Road safety awareness operation held at French Quarter Collège | THE DAILY HERALD

Territorial Police supervise participants on a bicycle course to raise awareness of road signs, pedestrian crossings, etc. (Robert Luckock photo)

MARIGOT–A major road safety awareness operation organized on the initiative of the Préfecture and Gendarmerie, and involving all the institutional partners concerned with security, was held at French Quarter Collège on Tuesday morning, in cooperation with College Principal Eric Domichard.

It was the first time such a large-scale awareness operation had been staged with close to 500 students of the Collège forfeiting their morning classes to attend the various information sessions and demonstrations between 8:00am and 12:00pm on the Collège campus.

The Red Cross, Police Territorial, Gendarmerie, Fire Brigade (Sapeurs Pompiers), and Driving Schools used the classrooms to spread the message of safety and security, the importance of adhering to the highway code, wearing crash helmets, and proper protective clothing.

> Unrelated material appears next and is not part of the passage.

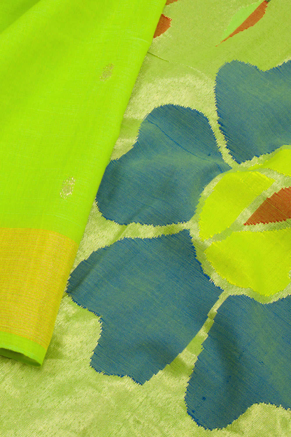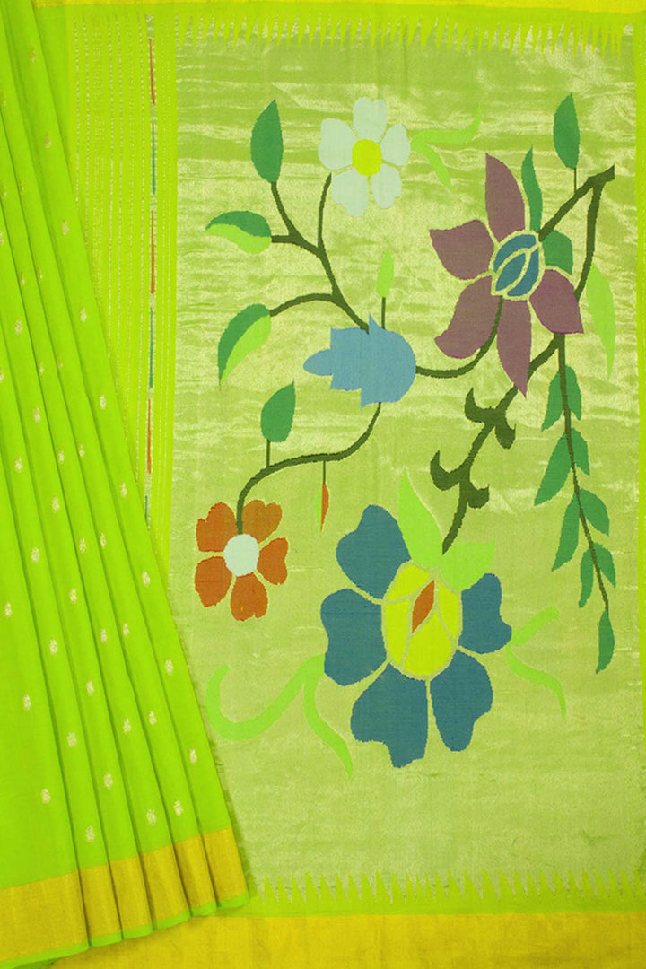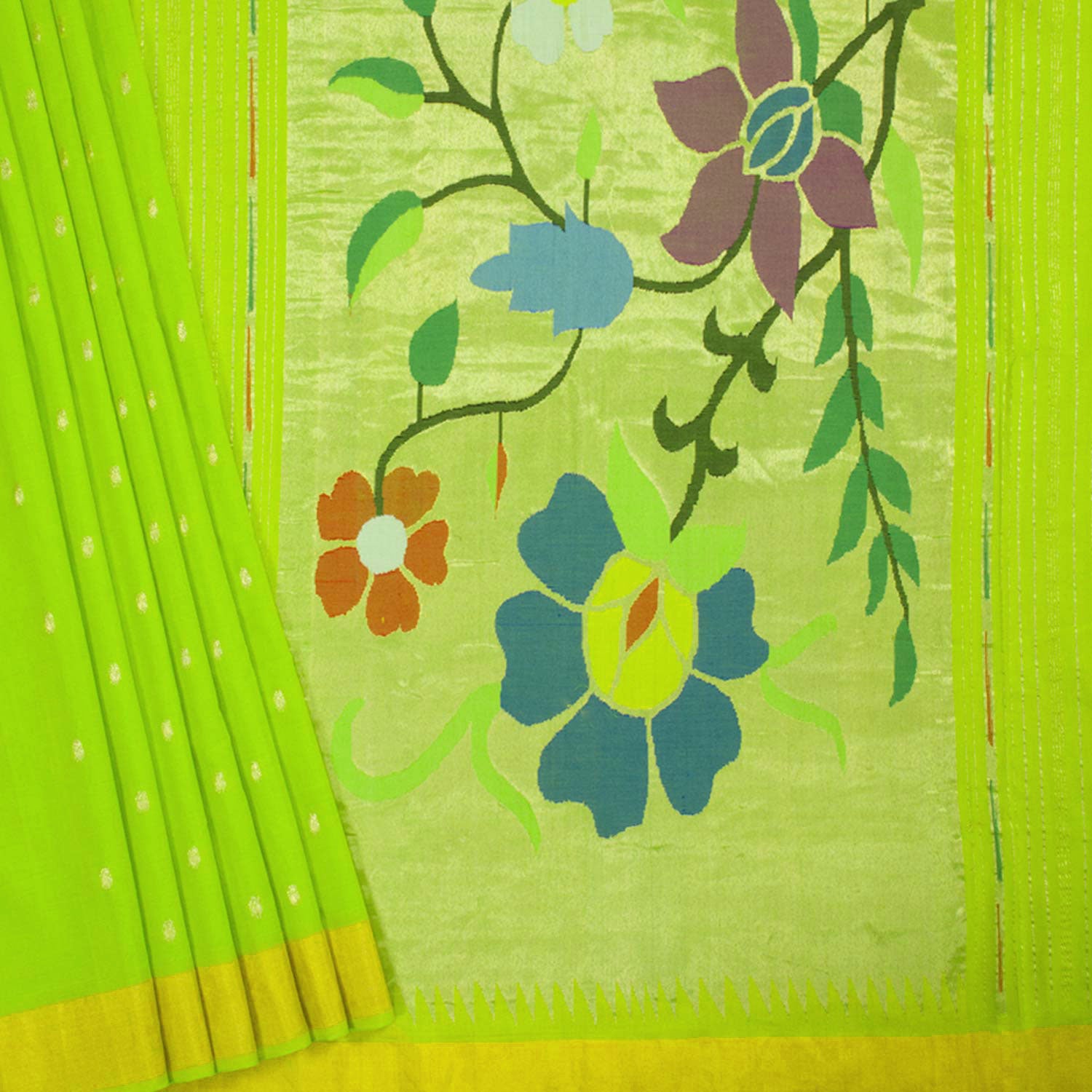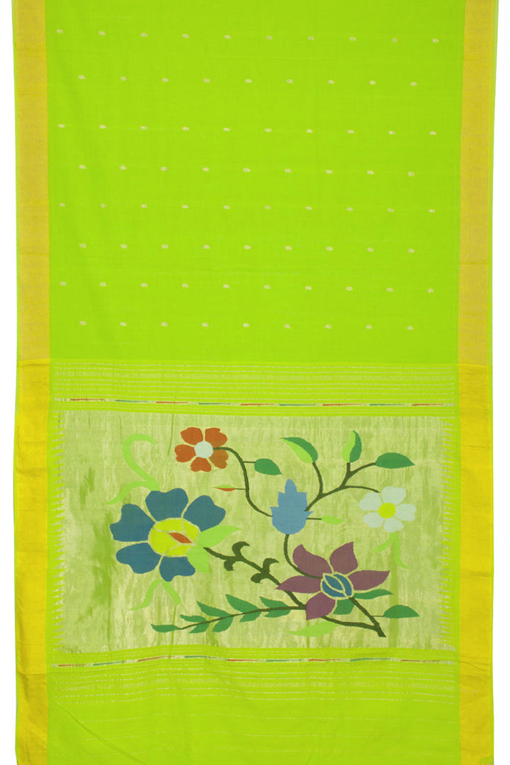 Lime Green Handloom Paithani Cotton Saree 10062503

In view of the alarming statistics of road accidents, this awareness operation is targeting especially the riders of scooters and motorbikes. Of the 18 traffic accidents that occurred since the beginning of 2019 on the French side, 15 resulted in serious injuries. Three young people were killed, two in one day in French Quarter and another in Grand Case. The deceased were all riding scooters. Last year also saw three fatalities, again on scooters.

Observing the sessions in progress were Préfète Déléguée Sylvie Feucher, Chef de Cabinet Gregoire Pierre-Dessaux, Stephanie Gagne in charge of security and public relations at the Préfecture, Chargée de Mission Evelyne Fleming representing Head of Education for St. Martin and St. Barths, Michel Sanz, Director of the Collectivité’s anti-delinquance department CLSPD, Melanie Hodge, and Marie-Paule Rousseau Cornette, President of Centre d’Insertion symphorien (CSI) whose association in French Quarter has been at the forefront of instilling road safety into the youth with its helmet awareness campaigns.

Students rotated through the sessions in groups. The Pompiers simulated an intervention at an accident between 10:00am and 10:30am. Representatives from driving schools offered classroom instruction on the rules of the road and safety. Another classroom session enabled students to use a driving simulator, similar to an arcade video game.

Gendarmes and Territorial Police collaborated on giving instruction to students riding bicycles over a prepared course with road signs and pedestrian crossings on a basketball court. Elsewhere, Gendarmes had students taking part in an imaginary sobriety test, having them walk a line and make turns with special goggles that simulate the effect of alcohol.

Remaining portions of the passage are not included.